The experience made her a crusader against such agreements — especially those funded with taxpayer dollars. It also made her not the most popular of lawmakers among her colleagues on Beacon Hill.
But today, DiZoglio’s ambition goes well beyond exposing NDAs.
In letters sent to House Speaker Ron Mariano and Senate President Karen Spilka, DiZoglio warned her office’s audit “will include but not be limited to the review of access to budgetary, hiring, spending and procurement information.”
But she also gave notice that it would include “information regarding active and pending legislation, the process for appointing committees, the adoption and suspension of House and Senate rules and the policies and procedures of the House and Senate.”

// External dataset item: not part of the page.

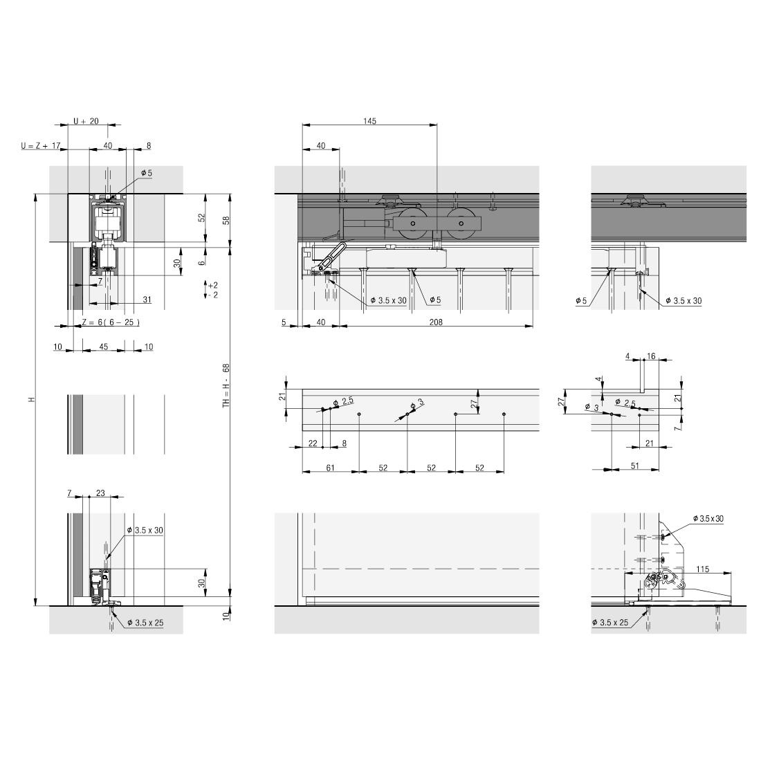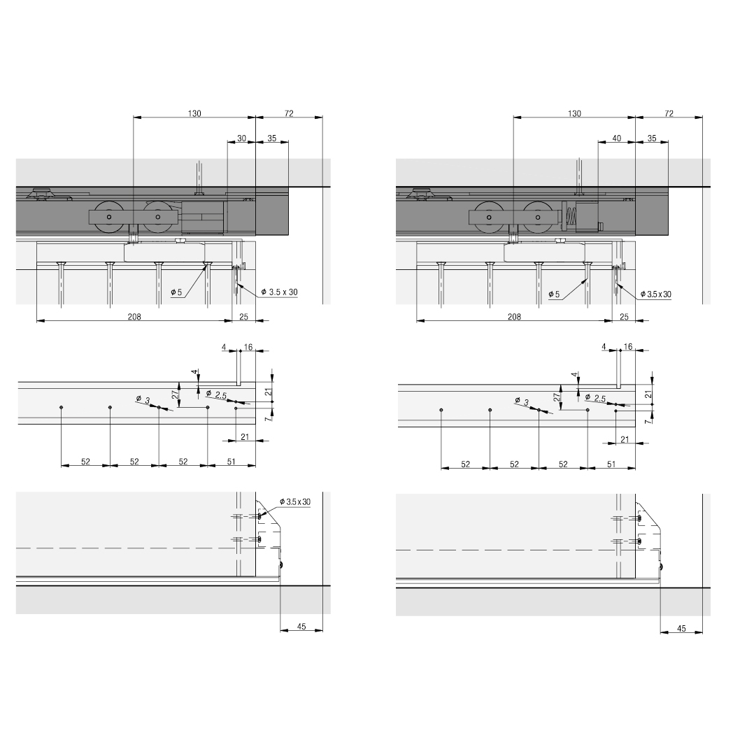 Ferrure pour portes en bois se déplaçant en partie supérieure, avec rail de roulement en applique ou à fleur de plafond, montage au plafond, solution de poche murale, hauteur de montage minimale, confort d'habitation élevé grâce à une isolation efficace contre le bruit, les courants d'air, les odeurs et l'incidence de lumière indésirable, jusqu'à 41 dB maxi (la valeur d'isolation dépend de l'ensemble de la construction), sans rail de roulement, sans garniture d'étanchéité

And that’s where the auditor may be on trickier ground.
As Spilka was quick to point out in a statement issued by her office, “Under the Massachusetts Constitution and as the separation of powers clause dictates, the Senate is required to manage its own business and set its own rules.”
As the statement also noted, “Senate business is made public through journals, calendars and recordings of each session, while payroll and other financial information is publicly available on the Comptroller’s website.”
If the public is curious about how much the Legislature spends each month to service its copying machines it’s all there. Or to pay for the occasional law firm. That’s there too. But if DiZoglio thinks she can make the House and Senate operations more transparent than the comptroller’s somewhat-difficult-to-navigate website, well, she should have at it.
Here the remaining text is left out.